[WHAT IS NEEDED] Retype, please, the listing from its opening line through the line that contains "点击发布帖子的用户头像。", both included, without the pictures.

[DATA]
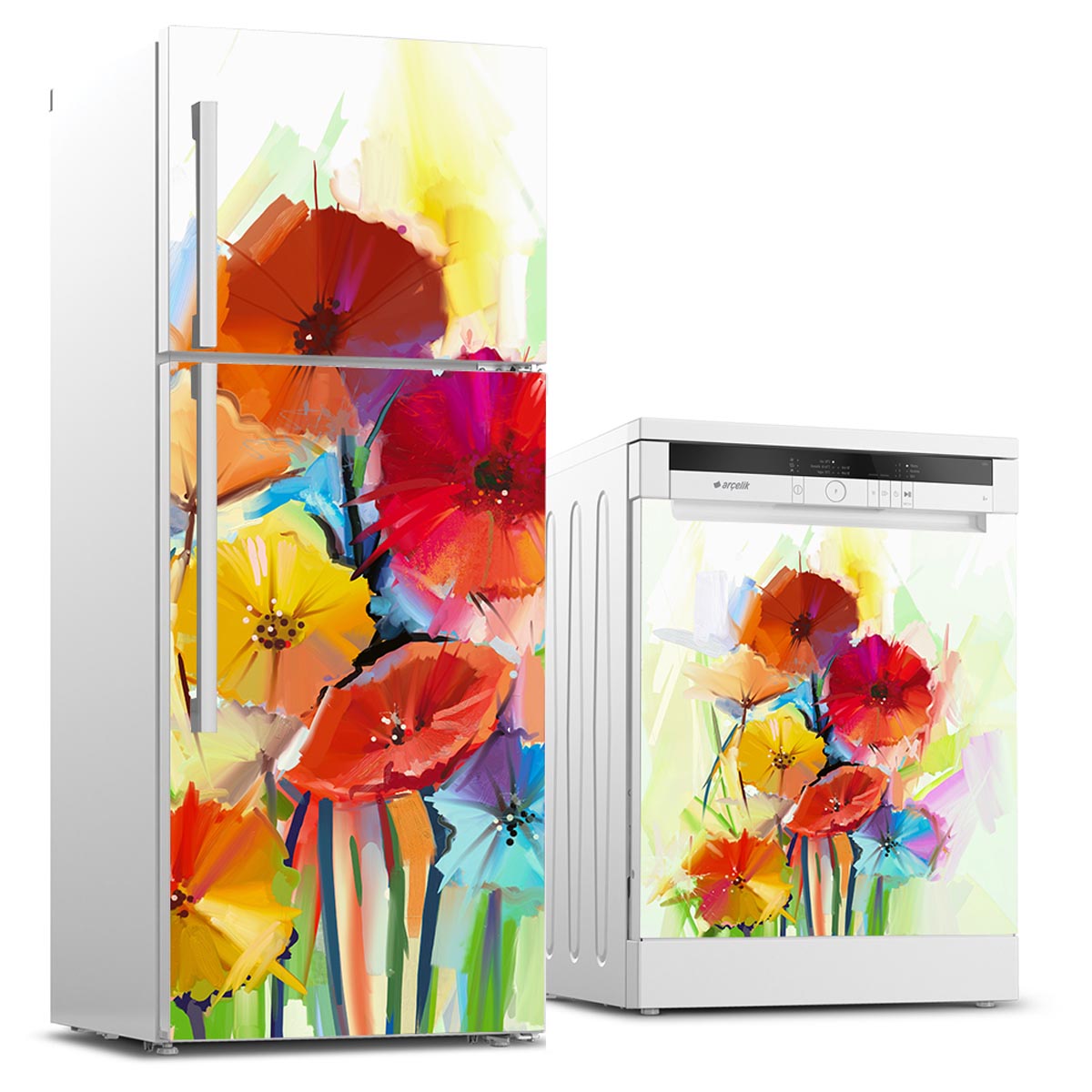 Beyaz eşyanızın üzeri mi çizildi? Ya da beyaz olmasından mı sıkıldınız? Belki de farklı bir renk arayışı içerisindesiniz? Hadi gelin öyleyse buzdolabınınızın ve bulaşık makinenizin ön yüzünü rengarenk hale getirerek baştan yaratalım. Üstelik bu stickerlar dilediğiniz zaman kolayca ürününüzün üzerinden herhangi bir zarar vermeden sökülebilir.
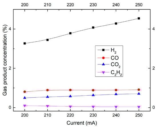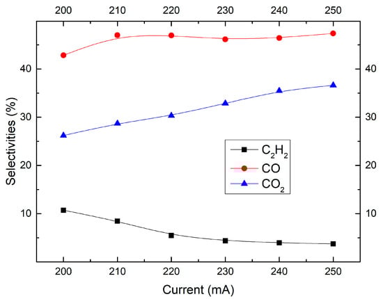 Effect of discharge current on the selectivity of C2H2, CO and CO2.
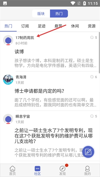 点击发布帖子的用户头像。
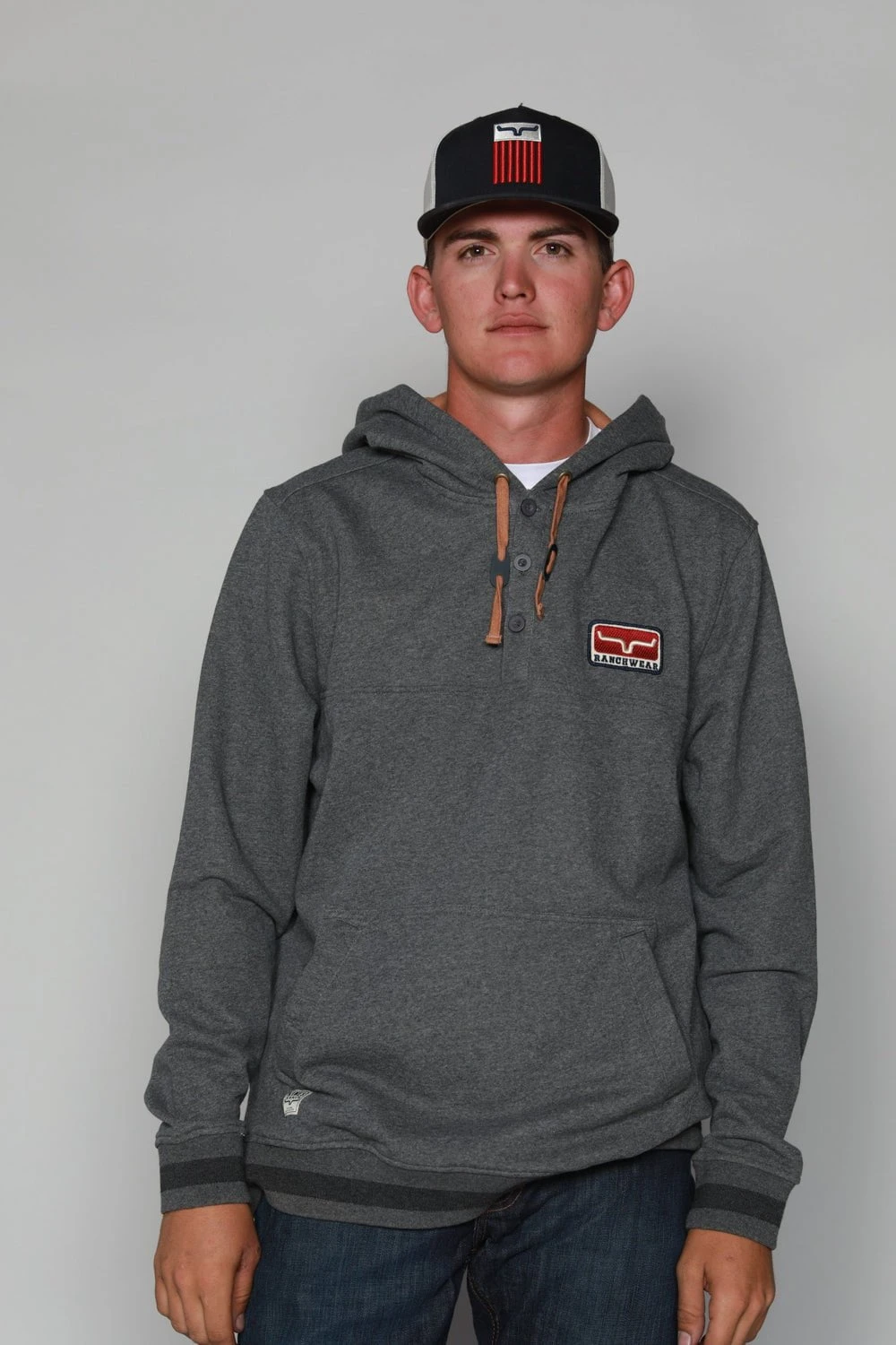 Popular among cowboys and cowgirls, Kimes Ranch’s product deliver durability and comfortableness for the trail, ranch or city. This particular item, made from 100% cotton french terry material blend features a woven kr patch, coordinating drawstrings, and kangaroo pocket.

[RESPONSE TO THE TASK]
 Beyaz eşyanızın üzeri mi çizildi? Ya da beyaz olmasından mı sıkıldınız? Belki de farklı bir renk arayışı içerisindesiniz? Hadi gelin öyleyse buzdolabınınızın ve bulaşık makinenizin ön yüzünü rengarenk hale getirerek baştan yaratalım. Üstelik bu stickerlar dilediğiniz zaman kolayca ürününüzün üzerinden herhangi bir zarar vermeden sökülebilir.
 Effect of discharge current on the selectivity of C2H2, CO and CO2.
 点击发布帖子的用户头像。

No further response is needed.